• Problem to work on: Where does the string "استان" appear in the material? Copy each line that holds it.

• Source records:
########
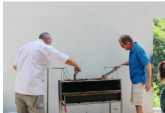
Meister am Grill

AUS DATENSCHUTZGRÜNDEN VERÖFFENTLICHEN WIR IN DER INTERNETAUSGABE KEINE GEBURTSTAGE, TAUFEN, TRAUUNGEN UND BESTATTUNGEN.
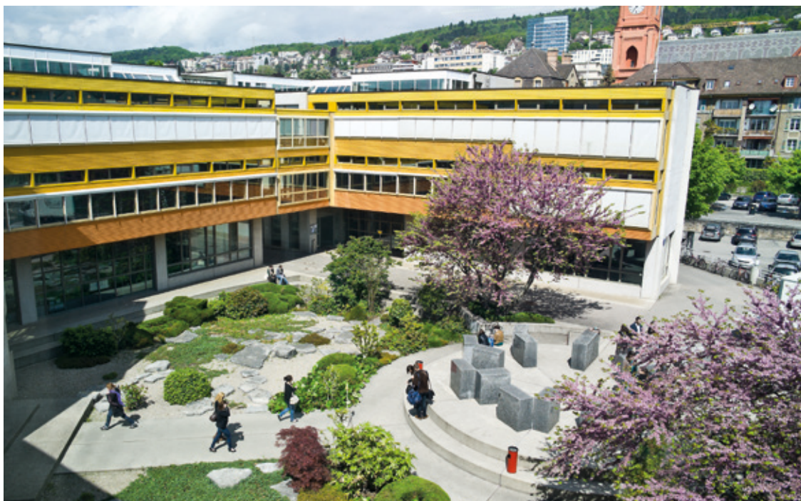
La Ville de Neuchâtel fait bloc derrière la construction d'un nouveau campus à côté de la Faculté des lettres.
########
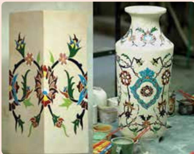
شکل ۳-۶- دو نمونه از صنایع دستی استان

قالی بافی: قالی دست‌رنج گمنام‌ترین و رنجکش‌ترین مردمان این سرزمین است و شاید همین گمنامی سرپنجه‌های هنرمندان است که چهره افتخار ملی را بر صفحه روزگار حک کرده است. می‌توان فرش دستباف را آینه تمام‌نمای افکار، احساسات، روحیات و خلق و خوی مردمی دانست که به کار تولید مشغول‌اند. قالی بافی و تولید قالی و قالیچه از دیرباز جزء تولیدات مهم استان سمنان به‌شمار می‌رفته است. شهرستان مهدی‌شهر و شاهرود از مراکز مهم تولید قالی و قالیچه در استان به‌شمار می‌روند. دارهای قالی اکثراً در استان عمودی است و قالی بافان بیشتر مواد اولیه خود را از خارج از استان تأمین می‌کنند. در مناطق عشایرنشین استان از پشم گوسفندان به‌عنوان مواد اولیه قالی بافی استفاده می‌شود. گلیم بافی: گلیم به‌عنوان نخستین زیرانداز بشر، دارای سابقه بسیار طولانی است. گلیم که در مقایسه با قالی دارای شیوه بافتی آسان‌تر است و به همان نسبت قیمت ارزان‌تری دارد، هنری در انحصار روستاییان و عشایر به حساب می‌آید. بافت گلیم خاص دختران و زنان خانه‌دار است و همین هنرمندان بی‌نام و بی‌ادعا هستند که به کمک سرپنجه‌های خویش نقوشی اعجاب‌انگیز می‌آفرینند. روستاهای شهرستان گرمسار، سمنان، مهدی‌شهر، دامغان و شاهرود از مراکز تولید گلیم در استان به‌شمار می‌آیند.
########
• Output below:
شکل ۳-۶- دو نمونه از صنایع دستی استان
قالی بافی: قالی دست‌رنج گمنام‌ترین و رنجکش‌ترین مردمان این سرزمین است و شاید همین گمنامی سرپنجه‌های هنرمندان است که چهره افتخار ملی را بر صفحه روزگار حک کرده است. می‌توان فرش دستباف را آینه تمام‌نمای افکار، احساسات، روحیات و خلق و خوی مردمی دانست که به کار تولید مشغول‌اند. قالی بافی و تولید قالی و قالیچه از دیرباز جزء تولیدات مهم استان سمنان به‌شمار می‌رفته است. شهرستان مهدی‌شهر و شاهرود از مراکز مهم تولید قالی و قالیچه در استان به‌شمار می‌روند. دارهای قالی اکثراً در استان عمودی است و قالی بافان بیشتر مواد اولیه خود را از خارج از استان تأمین می‌کنند. در مناطق عشایرنشین استان از پشم گوسفندان به‌عنوان مواد اولیه قالی بافی استفاده می‌شود. گلیم بافی: گلیم به‌عنوان نخستین زیرانداز بشر، دارای سابقه بسیار طولانی است. گلیم که در مقایسه با قالی دارای شیوه بافتی آسان‌تر است و به همان نسبت قیمت ارزان‌تری دارد، هنری در انحصار روستاییان و عشایر به حساب می‌آید. بافت گلیم خاص دختران و زنان خانه‌دار است و همین هنرمندان بی‌نام و بی‌ادعا هستند که به کمک سرپنجه‌های خویش نقوشی اعجاب‌انگیز می‌آفرینند. روستاهای شهرستان گرمسار، سمنان، مهدی‌شهر، دامغان و شاهرود از مراکز تولید گلیم در استان به‌شمار می‌آیند.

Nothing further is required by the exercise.